Archiving is one of the most feasible methods to allow your database to be smaller and the best, manageable.
It allows you to index, backup as well as restore the data any time. A common benefit of archiving the data is that it saves you a lot of storage space and allows your systems and devices to perform much better than before.
However, if you are curious about the data storage in the database SQL Server, let us tell you that Microsoft SQL server databases are stored on the disk in two files – Data file and log file.
Talking about the data files, they are of two types i.e. Primary and Secondary.
The primary data file has all the startup information for the database.

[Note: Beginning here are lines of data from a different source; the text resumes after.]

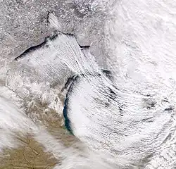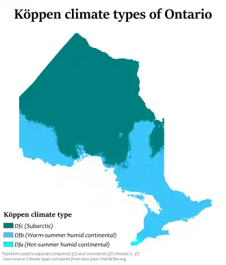 Ontario's climate varies by season and location.[19] Three air sources affect it: cold, dry, arctic air from the north (dominant factor during the winter months, and for a longer part of the year in far northern Ontario); Pacific polar air crossing in from the western Canadian Prairies/US Northern Plains; and warm, moist air from the Gulf of Mexico and the Atlantic Ocean.[20] The effects of these major air masses on temperature and precipitation depend mainly on latitude, proximity to major bodies of water and to a small extent, terrain relief.[20] In general, most of Ontario's climate is classified as humid continental.[20]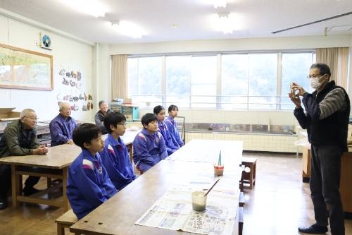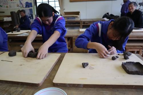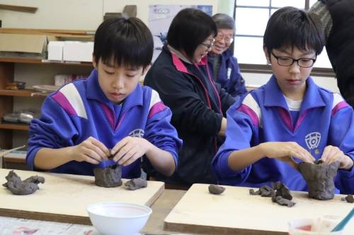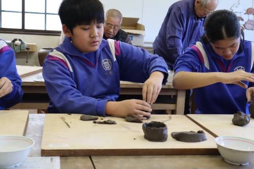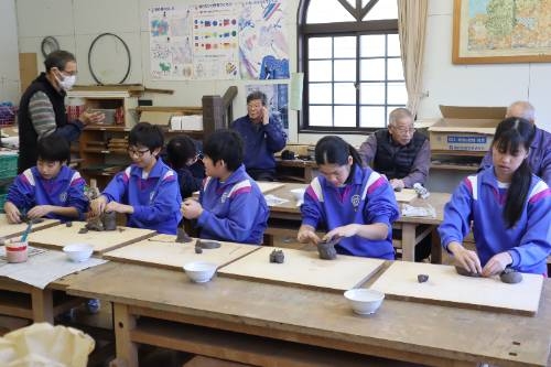 陶芸教室 毎年、西日登振興会のご厚意で陶芸教室を開催し、6年生の卒業をお祝いして頂いています。今年も三刀屋の永見さまにご指導いただき、子どもたちは、初めての陶芸にチャレンジしました。ソフトボールほどの大きさのある粘土をしっかりとこねて、成形していきました。「何を作ろうか?」と、悩む時間もありましたが、お皿や湯呑、カップなどに変身させ、釉薬を塗ることができました。これから2週間乾燥させた後、窯で焼くことになります。どんな作品に仕上がるのか、みんな楽しみにしています。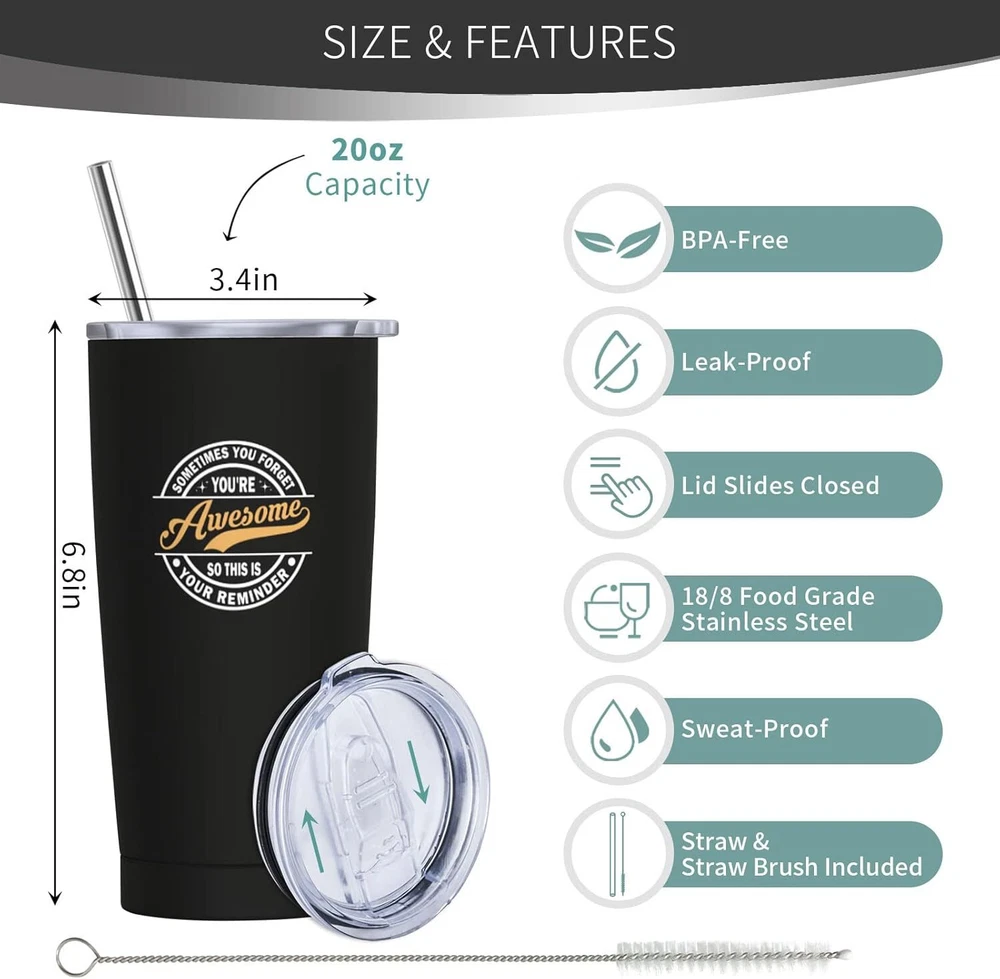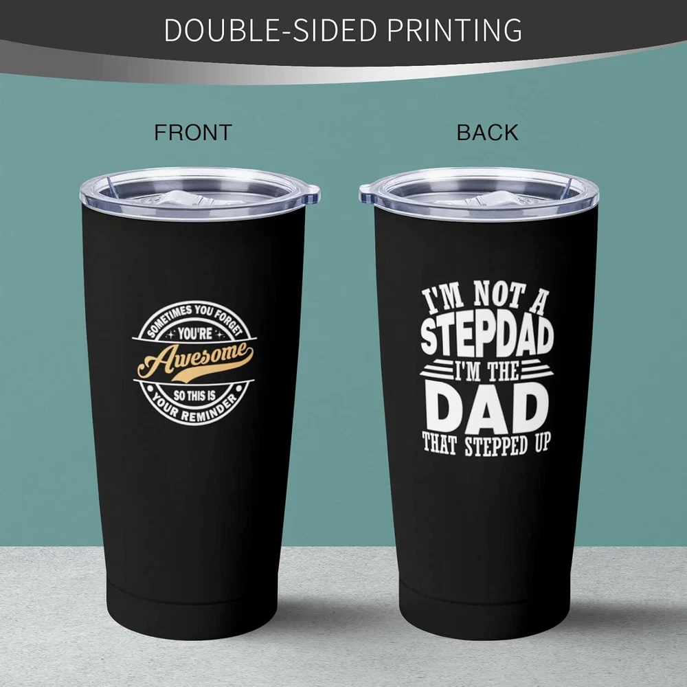 Fathers Day Step Dad Gifts, Bonus Birthday BLACK- to bonus dad Product Details Brand: NVFCC Color: BLACK- to bonus dad Special Feature: Vacuum Insulation Style: Modern Theme: Funny,Love MaterialCapacity: Stainless Steel20 Fluid Ounces GIFTS FOR BONUS DAD WITH HIS FAVORITE WORDS – Surprise your beloved stepdad with a heartwarming present that captures the essence of your love. Imagine the joy and delight on his face when he opens this gift and reads the heartfelt message printed on the tumbler. Whether you're celebrating a special occasion or want to express your love and gratitude, Show your stepdad how much you cherish him with our touching tumbler. Place your order today and give the gift of warmth and unwavering love. BEST STEPDAD GIFT IDEAS – Looking for the perfect sentimental gift for your bonus dad? Look no further than our tumbler with heartwarming quotes - the ideal present for Father's Day, birthdays, wedding anniversaries, Thanksgiving, Valentine's Day, Christmas, and other special occasions. Express your love for your bonus dad in the best way possible with this unique and thoughtful gift to enhance your bond. Let your bonus dad know how much he means to you with our touching tumbler. DOUBLE-WALL VACUUM INSULATION – We use double-wall insulation to help retain hot and cold liquid temperatures; this tumbler is the perfect way to keep your stepdad's favorite beverage at the ideal temperature. Whether sipping his morning coffee or enjoying a refreshing iced tea on a hot day, this tumbler will provide him with the perfect sip, just like a loving embrace. It's a heartfelt way to show your bonus dad that you're always there for him, no matter what. AN EVERYDAY COMPANION – This coffee tumbler is more than just a gift for special occasions. It's an everyday companion your bonus dad can take wherever he goes. It fits most car cup holders and is perfect for use at work, the gym, or any other daily activity. Every time he sips his favorite drink, he'll be reminded of your love and appreciation for him. HIGH-QUALITY MATERIALS – This tumbler is made of high-quality 18/8 food-grade stainless steel, which is odorless and environmentally friendly. The BPA-free clear lid that seals the cup tightly controls spills and allows you to see inside, featuring a slide-open design for easy use. It can be used directly for drinking or with a straw. Additionally, it comes with a 20cm stainless steel straw and a straw brush, which are reusable and eco-friendly.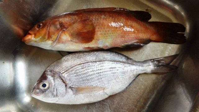 1. Pastroni peshqit, hidhni rigon, kripë e piper dhe lyejini me vaj dhe lëng limoni

It points to other files in the database. The user data and the objects could also be stored in this file where every database has a primary data file.
On the other hand, the secondary data files are optional where they could be used for spreading the data across multiple files. The same could be done by putting every file on a different disk drive.

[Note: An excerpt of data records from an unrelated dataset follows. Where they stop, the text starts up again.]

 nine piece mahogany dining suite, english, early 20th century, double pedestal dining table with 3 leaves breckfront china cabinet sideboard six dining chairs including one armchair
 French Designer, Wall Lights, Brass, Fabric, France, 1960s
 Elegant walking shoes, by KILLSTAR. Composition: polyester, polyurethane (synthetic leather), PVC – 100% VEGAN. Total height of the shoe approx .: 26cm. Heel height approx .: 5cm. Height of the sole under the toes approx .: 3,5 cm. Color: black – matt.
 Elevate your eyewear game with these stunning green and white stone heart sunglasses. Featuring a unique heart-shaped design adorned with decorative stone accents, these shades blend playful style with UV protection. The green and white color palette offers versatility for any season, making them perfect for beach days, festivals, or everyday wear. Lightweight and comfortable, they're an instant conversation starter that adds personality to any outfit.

The SQL Server databases could have a bunch of data and log files. However, just one of these files could be the primary data file. Different than these system files are the Filegroups that work as logical containers for the data files.
As there is a partition of data made and then it is archived, it’s quite fair that the whole process does require understanding. The whole archive process starts by exporting the data from the source of data to a staging area where the database should be residing on a different SQL server.
Apparently, the disk space that is allocated to a data file is divided into page where every fundamental unit of the data storage in SQL Server.
On average, the size of the database page is 8kb and when you insert any data in the SQL server database, it helps you save the data to a series of pages that are present in the data file.
In case the multiple data files exist within a filegroup, the SQL server starts allocating the pages to all the data files that are based on a round-robin mechanism.
This means that if we are inserting data into a table, the SQL server is allocating the pages first to the data file 1 and then to data file 2 and back to data file 1. This archiving is done by the process of an algorithm, Proportional Fill.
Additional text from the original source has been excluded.